Jack LaViolette, a PhD student in sociology at Columbia, doesn’t just see book bans as attempts to control what kids read, he sees them as political theatre.
“Banning books is not an effective way of actually restricting access to content… it is largely symbolic,” he says.
“It’s largely about the persistent need to construct an enemy and to construct a threat.”
He points out that the books targeted most often tend to centre queer characters, people of colour, and women, which he ties directly to a broader political pattern: “Most conservative politics is anti women in some way or another,” he says.
PEN America found in 2023 alone, over 3,300 books were challenged or banned in U.S. schools and libraries, the majority featuring LGBTQ+ characters, protagonists of colour, or themes of gender equality.
That kind of bias, LaViolette warns, turns schools into “arenas for political resentment,” stripping away their role as safe, open spaces, especially those already most at risk.
“There’s still lots of queer kids and Black kids,” he says. “There’s still people who deserve to feel legitimate.”
For LaViolette, these bans are about whose stories get told and who gets to feel seen.
In the end, we’re witnessing “a symbolic response to status threat” that could lead to deeper cultural fragmentation, a kind of “cultural balkanisation” dividing schools and students, LaViolette warns.
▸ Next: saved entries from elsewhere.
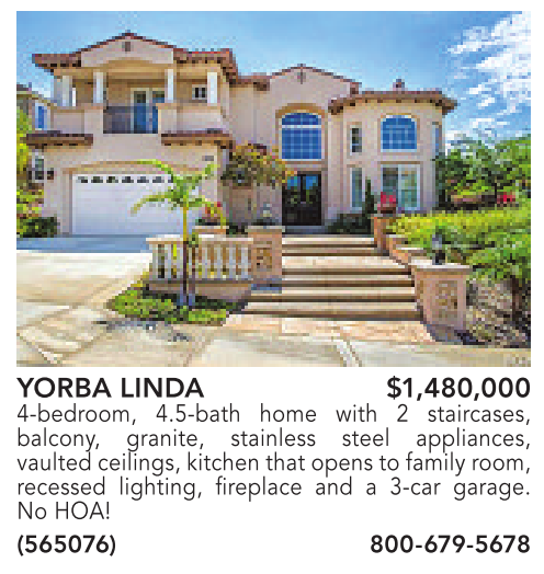 YORBA LINDA $1,480,000 4-bedroom, 4.5-bath home with 2 staircases, balcony, granite, stainless steel appliances, vaulted ceilings, kitchen that opens to family room, recessed lighting, fireplace and a 3-car garage. No HOA! (565076) 800-679-5678
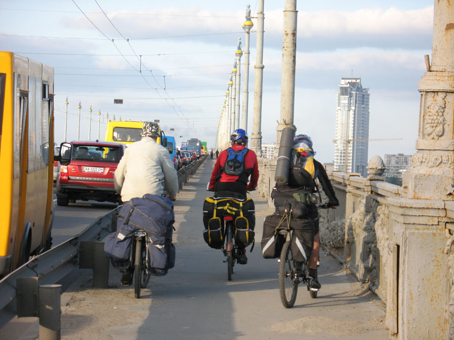 Так, порадовавшись солнышку, приготовив кашу рисовую с вареной сгущенкой, нехотя все встали, поели и заехав попрощаться с Ромой, с полной амуницией отправились смотреть Киев и потихоньку двигаться в сторону Борисполя (аэропорт). Сразу скажу, что Киев на веле мне очень понравился. Вежливые водители, народа не очень много, зеленый, красивый город с очень интересным рельефом, в общем, класс.
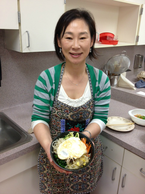 5 people came in with enthusiasm and soon we all started to make bibimbap, egg soup and stir fried fishcake. Korean cooking needs lot lots of prepping such as washing, cutting, blanching, mixing sauces and more washing (mixing bowls and other utensils). Everybody in my class were willing to cut many different vegetables, to cook everything separately (even though we mix everything right before we eat bibimbap!).
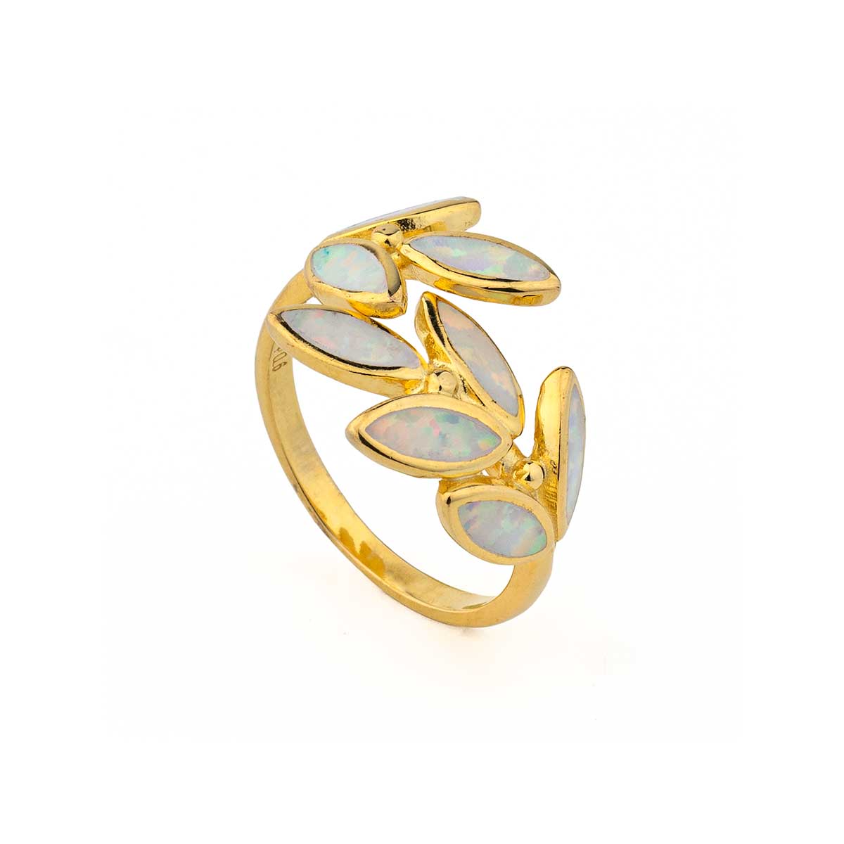 Olive Ring in 925 Sterling Silver with White Opal
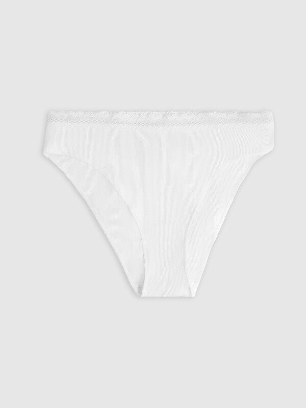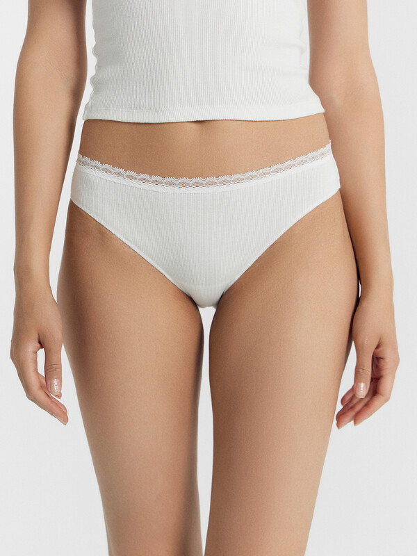 Женские классические трусики со средней линией талии. Выполнены из трикотажной рибаны – в рубчик. Верхняя часть окантована узким кружевом. Рекомендуем!
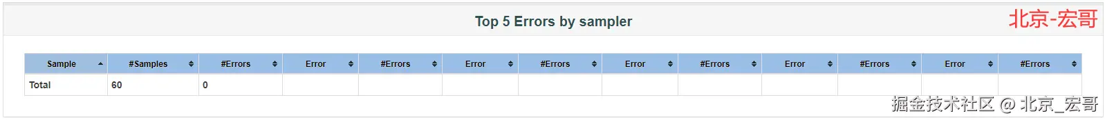 前5个错误(按Sampler列出)表为每个Sampler(默认情况下不包括Transaction Controller)提供前5个错误:Top 5 Errors by sampler:Top5错误信息采样

In Bradbury’s world, the fire was loud. Pages turned to ash in a public display of control. Today, the flame is quieter, more bureaucratic than blazing, but its damage is no less real.
Books by and about women, queer voices, and those who challenge the norm aren’t always banned with ceremony. They’re simply left off the shelf.
In classrooms across Canada and beyond, stories that reflect real, diverse experiences are missing. Not because they aren’t worth reading, but because they make some people uncomfortable. Because they ask too many questions. Because they expose the pores in the face of life.
When diverse voices vanish from the page, students are left reading a version of the world that never truly existed, and never will.
Just as in Fahrenheit 451, it’s not the flames we should fear most, but the silence. And if we don’t question what’s missing from the shelf, we may never notice the voices we’ve lost until they’re already gone.